* **SOURCE MATERIAL**
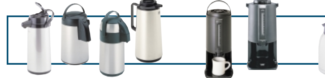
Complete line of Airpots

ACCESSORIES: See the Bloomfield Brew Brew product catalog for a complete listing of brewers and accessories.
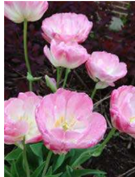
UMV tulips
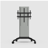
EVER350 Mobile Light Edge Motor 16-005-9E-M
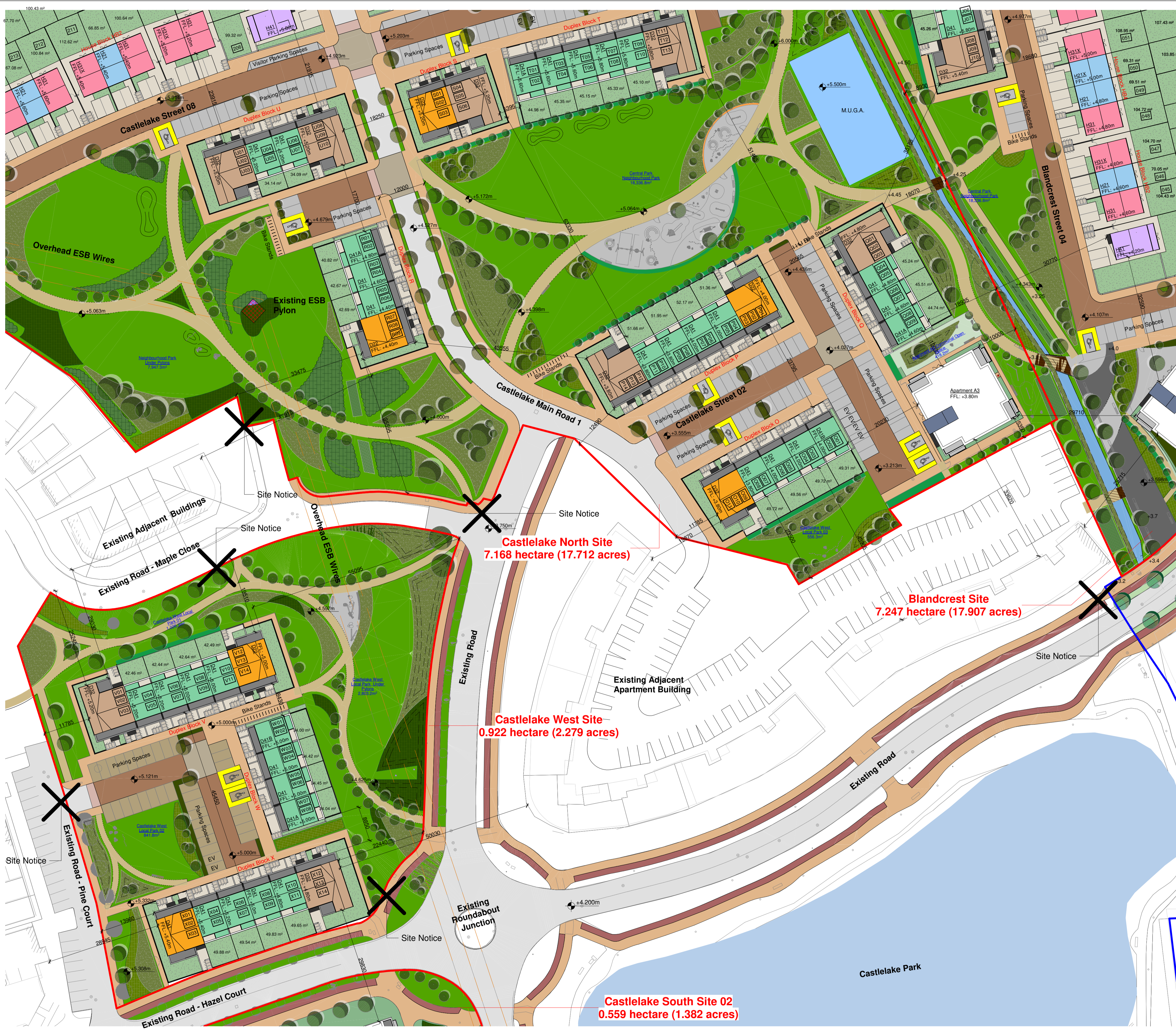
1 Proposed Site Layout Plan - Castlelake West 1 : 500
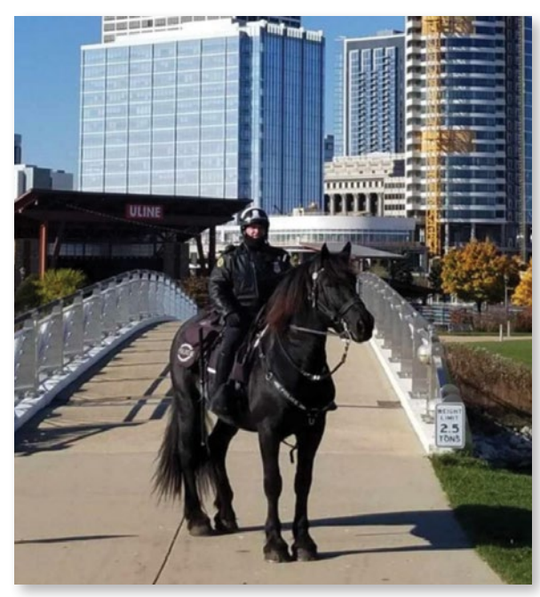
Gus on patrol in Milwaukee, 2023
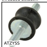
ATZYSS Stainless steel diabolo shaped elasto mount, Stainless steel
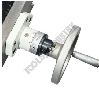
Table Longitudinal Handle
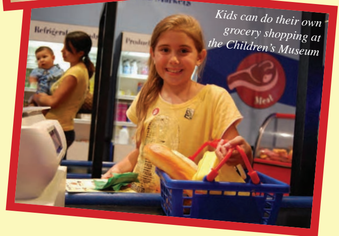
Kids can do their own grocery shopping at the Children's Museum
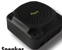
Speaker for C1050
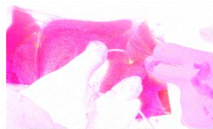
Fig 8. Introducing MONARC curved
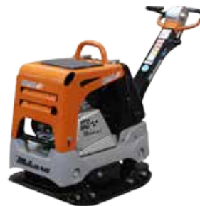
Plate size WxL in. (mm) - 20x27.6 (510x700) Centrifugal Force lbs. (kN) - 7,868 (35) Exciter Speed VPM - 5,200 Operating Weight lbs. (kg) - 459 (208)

---

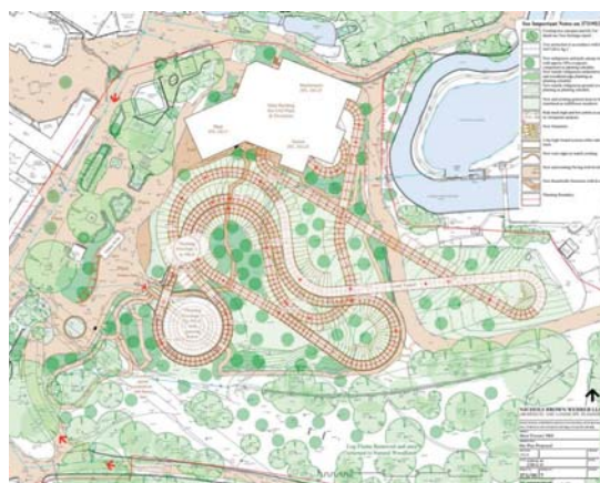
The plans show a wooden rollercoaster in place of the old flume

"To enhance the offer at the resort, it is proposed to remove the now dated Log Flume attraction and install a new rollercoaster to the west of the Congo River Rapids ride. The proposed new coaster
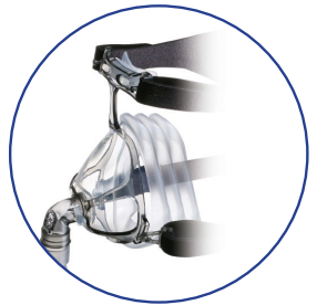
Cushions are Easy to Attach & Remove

* **INSTRUCTIONS FOR THE TASK**
Return, exactly as they stand, the lines above from the one with "proposed new coaster" to the one with "Cushions are Easy to Attach & Remove", omitting any pictures among them.

* **YOUR SOLUTION**
"To enhance the offer at the resort, it is proposed to remove the now dated Log Flume attraction and install a new rollercoaster to the west of the Congo River Rapids ride. The proposed new coaster
Cushions are Easy to Attach & Remove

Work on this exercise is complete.